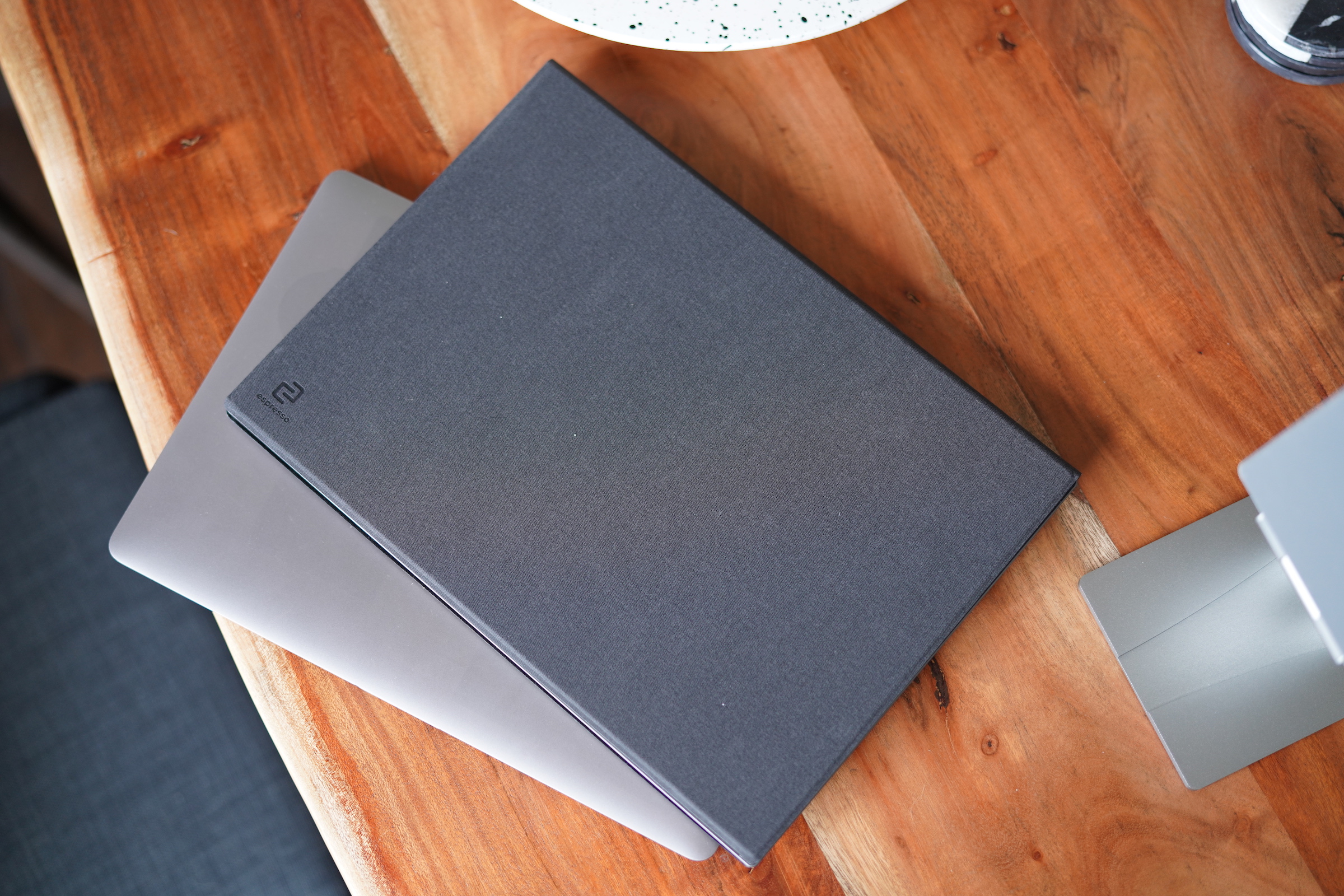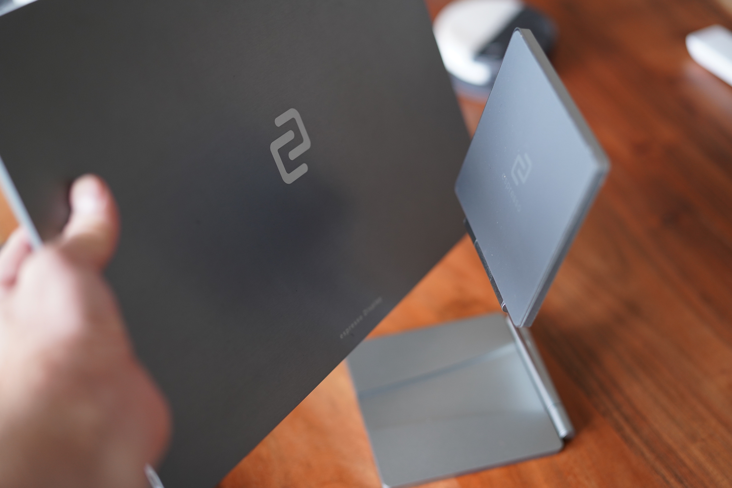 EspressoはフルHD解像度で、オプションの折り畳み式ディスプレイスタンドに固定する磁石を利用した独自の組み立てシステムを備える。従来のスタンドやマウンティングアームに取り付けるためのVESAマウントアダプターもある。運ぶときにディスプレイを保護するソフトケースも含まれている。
==
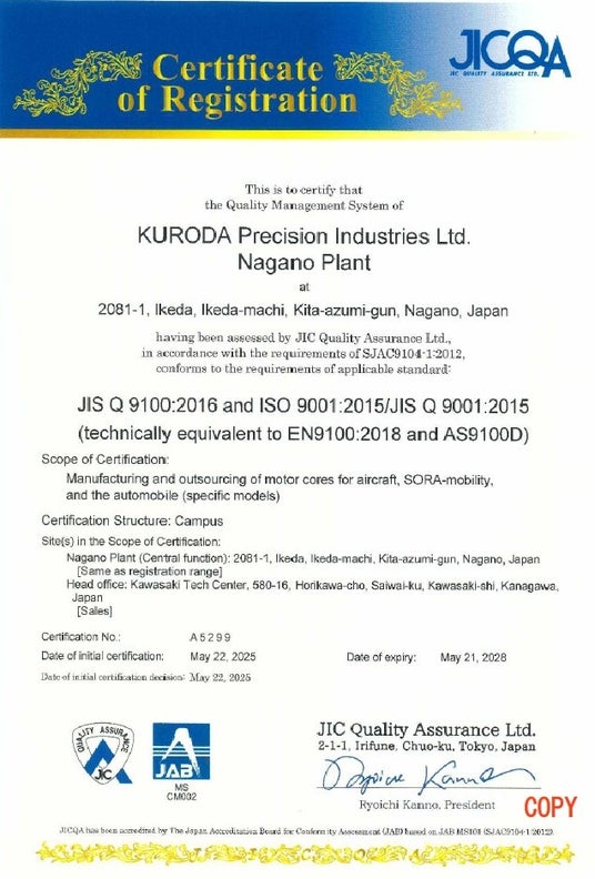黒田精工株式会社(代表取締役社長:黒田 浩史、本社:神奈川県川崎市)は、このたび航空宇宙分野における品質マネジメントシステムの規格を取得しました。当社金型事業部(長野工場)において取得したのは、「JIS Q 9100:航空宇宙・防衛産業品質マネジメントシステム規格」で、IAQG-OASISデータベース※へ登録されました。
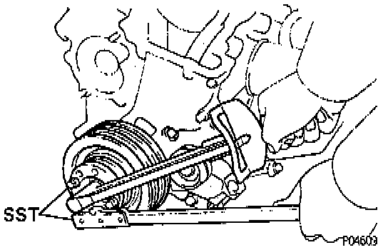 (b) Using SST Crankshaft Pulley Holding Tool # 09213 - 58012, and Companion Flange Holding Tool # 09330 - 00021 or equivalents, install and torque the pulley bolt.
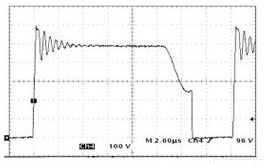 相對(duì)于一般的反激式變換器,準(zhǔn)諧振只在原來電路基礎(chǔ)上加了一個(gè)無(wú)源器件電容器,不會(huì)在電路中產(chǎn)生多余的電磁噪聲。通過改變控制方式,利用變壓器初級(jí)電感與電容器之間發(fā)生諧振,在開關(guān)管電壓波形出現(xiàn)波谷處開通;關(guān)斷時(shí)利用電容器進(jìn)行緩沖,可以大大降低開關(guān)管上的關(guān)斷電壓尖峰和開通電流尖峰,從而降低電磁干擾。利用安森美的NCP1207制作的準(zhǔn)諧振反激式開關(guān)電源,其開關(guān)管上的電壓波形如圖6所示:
...
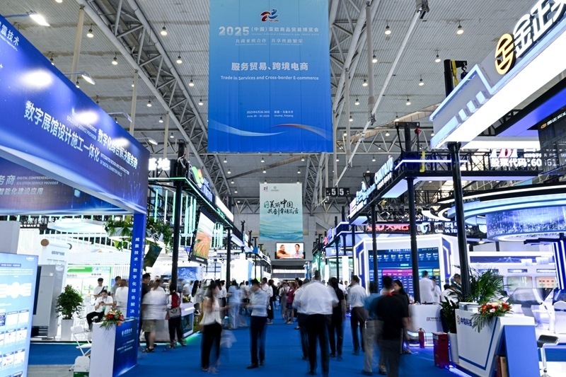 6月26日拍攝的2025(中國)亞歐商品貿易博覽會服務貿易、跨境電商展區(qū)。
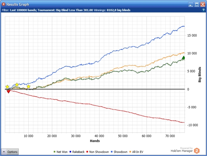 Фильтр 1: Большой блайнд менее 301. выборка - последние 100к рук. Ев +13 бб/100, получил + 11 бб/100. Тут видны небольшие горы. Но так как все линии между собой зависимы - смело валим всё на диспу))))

WHAT THE TASK REQUIRES: Starting at the line above that holds "(b) Using SST", return each line up to and including the one that holds "相對(duì)于一般的反激式", exactly as written, minus any pictures.

SOLVED PROBLEM:
 (b) Using SST Crankshaft Pulley Holding Tool # 09213 - 58012, and Companion Flange Holding Tool # 09330 - 00021 or equivalents, install and torque the pulley bolt.
 相對(duì)于一般的反激式變換器,準(zhǔn)諧振只在原來電路基礎(chǔ)上加了一個(gè)無(wú)源器件電容器,不會(huì)在電路中產(chǎn)生多余的電磁噪聲。通過改變控制方式,利用變壓器初級(jí)電感與電容器之間發(fā)生諧振,在開關(guān)管電壓波形出現(xiàn)波谷處開通;關(guān)斷時(shí)利用電容器進(jìn)行緩沖,可以大大降低開關(guān)管上的關(guān)斷電壓尖峰和開通電流尖峰,從而降低電磁干擾。利用安森美的NCP1207制作的準(zhǔn)諧振反激式開關(guān)電源,其開關(guān)管上的電壓波形如圖6所示:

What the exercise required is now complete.